Its canonical form becomes,

$$u^2+73v^2=2$$

Answer 3

As mentioned in other answers, this case is relatively simple because the symmetry of the equation leads immediately to the principal axes being parallel to the vectors $(1,1)$ and $(-1,1)$, which then gets you a parameterization that uses these principal axes of the ellipse. More generally, you can work out the required rotation directly.

First thing’s first, however: how do you tell that the equation represents an ellipse? Examine its discriminant, which in this case is $4^2-4(-3)(-3)=-32\lt0$, which indicates an ellipse. If it were positive, you’d have a hyperbola, while if zero a parabola. (I’m ignoring the possibility of a degenerate conic here.)

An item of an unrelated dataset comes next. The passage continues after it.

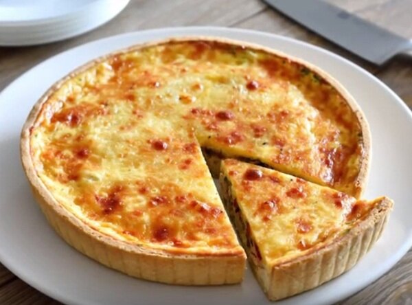 Пирог с курицей и южными овощами (перец, оливки) – это привет от венгерской кухни. Нежное мясо куриных грудок, сладкий болгарский перец и оливки с зеленью заливают сметанной заливкой с яйцами и быстро запекают в духовке. Плюсом такой выпечки является быстрота ее приготовления: основа готовится заранее из соленого песочного теста. Также заранее подготавливаются все ингредиенты для начинки. А в нужный момент остается только быстро все нарезать, загрузить в основу, залить заливкой, а потом запечь. По итогу получится мягкий, нежный, ароматный, сытный пирог с мясом и овощами. Полноценный ужин или завтрак. Еще его хорошо брать на работу или как дорожный перекус – замечательная закуска! Ингредиенты предварительно приготовленная корочка для пирога; 2 небольшие отваренные или запеченные куриные грудки (около 500 г); 1 красный сладкий перец, запеченный в духовке, без кожуры; 20-25 консервированных маслин; 4 яйца; 1 стакан (250 г) сметаны; 2 ст. ложки рублен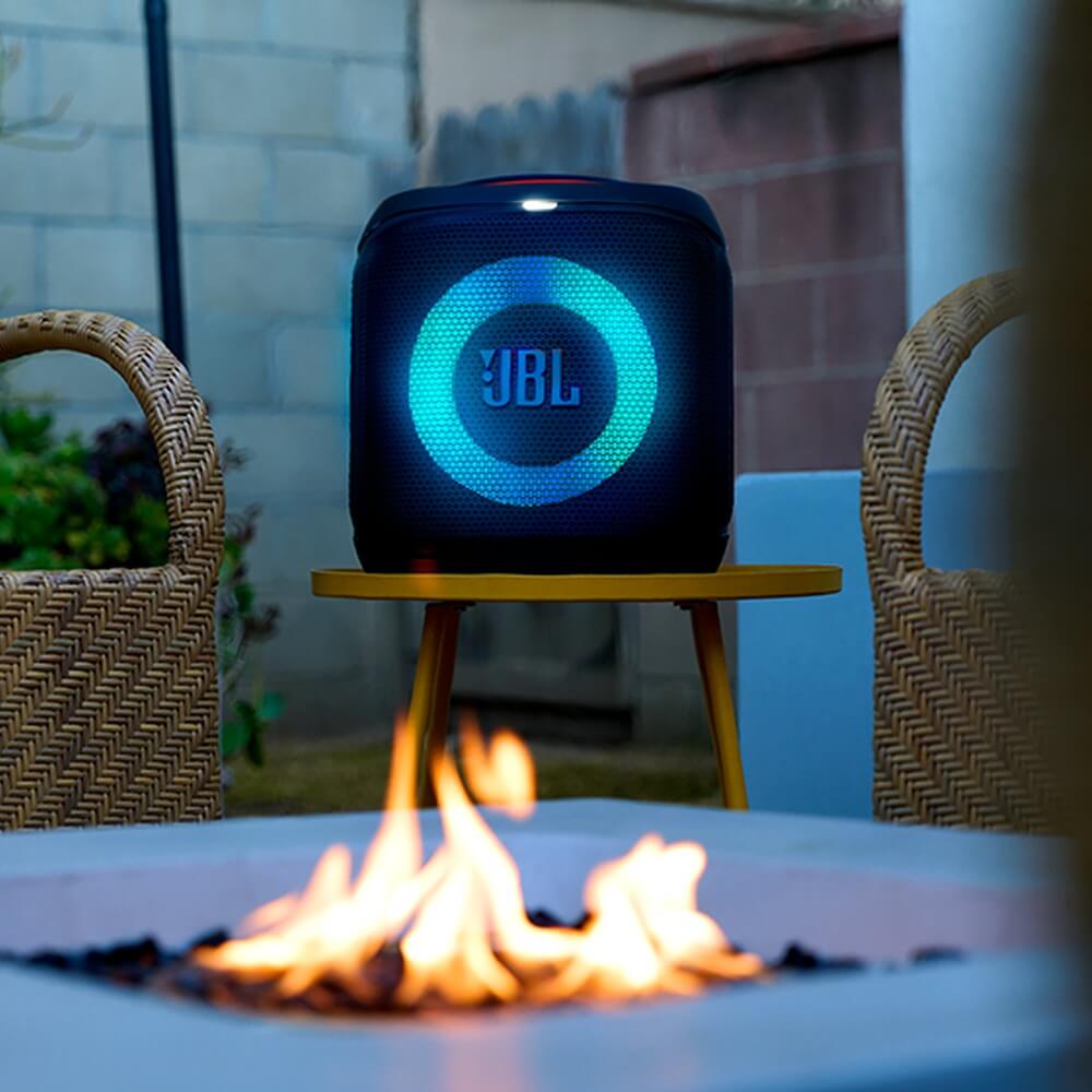 PartyBox Encore Essential — это колонка, которую можно взять с собой куда угодно, не жертвуя качеством звука и функциями. Это звук, который не теряется в шуме и создаёт настоящую атмосферу праздника. Она радует мощным звуком, динамической подсветкой и свободой подключения и возможностью использования где угодно благодаря встроенному аккумулятору. Модель разработана для тех, кто хочет иметь возможность устроить вечеринку где угодно – на даче, на пляже или прямо у себя дома.

Now, we want to find an angle of rotation $\phi$ that eliminates the cross term in $xy$. Applying the rotation to the general conic equation $Ax^2+Bxy+Cy^2+\dots=0$ (the linear and constant terms don’t contribute to this) leads to the condition $$2(A-C)\cos\phi\sin\phi+B(\cos^2\phi-\sin^2\phi)=0,$$ or $$\tan{2\phi}=\frac B{C-A}.$$ For your ellipse, $C-A=0$, therefore $\phi=\pm\pi/4+n\pi.$ Note that you don’t really need to know $\phi$ itself to apply the rotation, so using half-angle formulas you can get explicit expressions for $\sin\phi$ and $\cos\phi$ in terms of $A$, $B$ and $C$.

Alternatively, for a parameterization of the form $\mathbf u\cos t+\mathbf v\sin t+\mathbf c$, the vectors $\mathbf u$ and $\mathbf v$ don’t need to be the principal half-axes of the ellipse: any pair of conjugate half-diameters will do. These can be found by choosing any convenient value for $\mathbf u$ and then using the fact that the conjugate diameter is parallel to the tangent at the point $\mathbf u+\mathbf c$.

Finally, there are other ways to parameterize an ellipse. You might find a rational parameterization more convenient for some purposes. For instance, let $p_0$ be a point on the ellipse that has an extreme $x$-value so that the tangent at that point is vertical. Compute the other intersection of the line through $p_0$ has slope $m$ with the ellipse. This gives you a parameterization in terms of the slope of the chords through $p_0$.